First to go was UBS, as reported in the Wall Street Journal:

    “UBS AG sold its 1.3% stake in Bank of China Ltd. for US$808 million, according to people familiar with the matter, marking the first exit by a foreign strategic investor in a Chinese lender amid speculation that outside firms may cash out to replenish their weakened balance sheets.”

Bloomberg followed this up on January 8th by reporting that:

    “Royal Bank of Scotland Group Plc said it’s considering joining UBS AG and Hong Kong billionaire Li Ka- shing in selling Bank of China Ltd. shares as the end of a three-year lockup gives the U.K. lender a chance to raise funds.

    RBS, the biggest bank to be controlled by the U.K. government after a 20 billion-pound ($30 billion) bailout, said it is “examining” its $2.8 billion Bank of China stake as part of a companywide review initiated last quarter.
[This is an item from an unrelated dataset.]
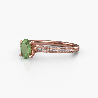 Der oben gezeigte Ring wird Elenore ovl genannt. Es ist ein Pavé Solitär Ring, da er einen zentralen Edelstein und ein Band mit Pavé-Fassung hat. Dieser 14 Karat Roségold ring ist mit einem 6.5x4.5 mm oval Turmalin grün-Mittelstein besetzt und das Band hat eine Pavé-Fassung mit Diamanten. Jedes Schmuckstück wird hergestellt von einem Team leidenschaftlicher Goldschmiede und Schmuckdesigner. Das wird Ihr Kronjuwel unbedingt zu einem Blickfang machen.Dieser exklusive Roségold Pavé Solitär Verlobungsring mit Pavé-Fassung hat einen exquisiten, oval Turmalin grün als Mittelstein. Um den zentralen Stein noch mehr zu betonen, hat das Band eine Pavé-Fassung mit weiteren Diamanten. Durch die offenen Krappen kann das Licht aus mehreren Winkeln auf den Turmalin grün treffen und der Turmalin grün-Ring funkelt noch mehr. Das obere Foto zeigt die leidenschaftlich handgefertigten Details des Rings. Die hohe Positionierung der Mittelstein ist ein echter Blickfang. Der perfekte Verlobungsring für das Kronjuwel Ihres Lebens!Nachdem Sie Ihre Bestellung aufgegeben haben, beginnen unsere Goldschmiede mit dem kreativen Prozess der Herstellung Ihres Elenore ovl Verlobungsring. Wir haben keine Lager. Das ist vorteilhaft, da diese Kosten nicht an Sie weitergegeben werden. Daher sind wir in der Lage, Schmuck zu außergewöhnlich niedrigen Preisen anzubieten.Haben Sie irgendwo einen bestimmten Verlobungsring gefunden, den Sie Ihrem Liebsten schenken möchten? Sie können uns gerne sagen, was Sie wollen und wir werden Ihr Design in einen Einzigartigen exklusive Verlobungsring verwandeln. Sie können die Entwicklungen Ihres Ringdesigns verfolgen, da wir 3D-Zeichnungen verwenden. Das gibt Ihnen eine realistische Vorschau, wie Ihr Design aussehen wird. Sie können auch einen Dummy vorbestellen. Ein Dummy ist ein Kunststoffring, der nach Ihrem Ringdesign gestaltet werden kann. Sie können ihn anprobieren und prüfen, ob seine Breite und Größe für Sie geeignet sind. Wir senden Ihnen gerne ein unverbindliches Angebot zu einem fairen Preis/Leistungsverhältnis. Sie werden in Anbetracht der Qualität des Rings und der Edelsteine überrascht sein.Um es einfacher zu machen, bieten wir eine kostenlose 30-tägige Rücksendung.

Bank of China, the country’s third-largest lender, fell 7.9 percent in Hong Kong after Li sold 2 billion shares in the Beijing-based company.

    RBS Chief Executive Officer Stephen Hester may seek to use a $1.2 billion gain on the Bank of China stake to help repair a balance sheet crippled by more than 7 billion pounds ($11 billion) of writedowns in 2008. Foreign strategic investors hold about $46 billion of shares in China’s three largest banks, whose profits are slowing as the economy cools.

    …RBS, Bank of America Corp. and Goldman Sachs Group Inc. are among overseas financial firms that bought stakes in Chinese banks before they went public in 2005 and 2006. While the investors touted the “strategic” nature of their purchases, the $742 billion of writedowns and credit losses banks and brokers have recorded worldwide since 2007 added urgency to stake sales.

    …Bank of America sold $2.8 billion of shares in China Construction Bank Corp. yesterday, capitalizing on almost $14 billion of paper profits from its 2005 investment after paying almost $33 billion for Merrill Lynch & Co. in the biggest financial-services acquisition announced last year.

    Li, dubbed “Superman” by Hong Kong media for his investing skills, got 75 percent more for his Bank of China shares than he paid for them, netting him a profit of about $218 million. Li controls businesses spanning retail, real estate, container ports and energy in 57 countries.

    …Bank of China shares held by the RBS-led group, which also includes Merrill Lynch, fund managers D.E. Shaw & Co. LP, Oaktree Capital Management LLC and Och-Ziff Capital Management Group LLC., were locked up until the end of last year.

    The China Construction shares that Bank of America bought in 2005 became eligible for sale in October. Temasek Holdings Pte, the Singaporean state-owned investment company, can sell its 9.9 billion China Construction shares anytime, as its lockup agreement ended in August, according to the bank’s listing document.

    Goldman Sachs owns 16.5 billion shares in Industrial & Commercial Bank of China Ltd., the world’s largest bank by market value, and has agreed not to sell the shares until after April 28. American Express Co. and Allianz SE are among other strategic shareholders.”

Meanwhile, Chinese investments in foreign banks have not been looking so good…and it will be interesting to see the impact this has on China’s overseas direct investment strategy. More conservative, and more resources?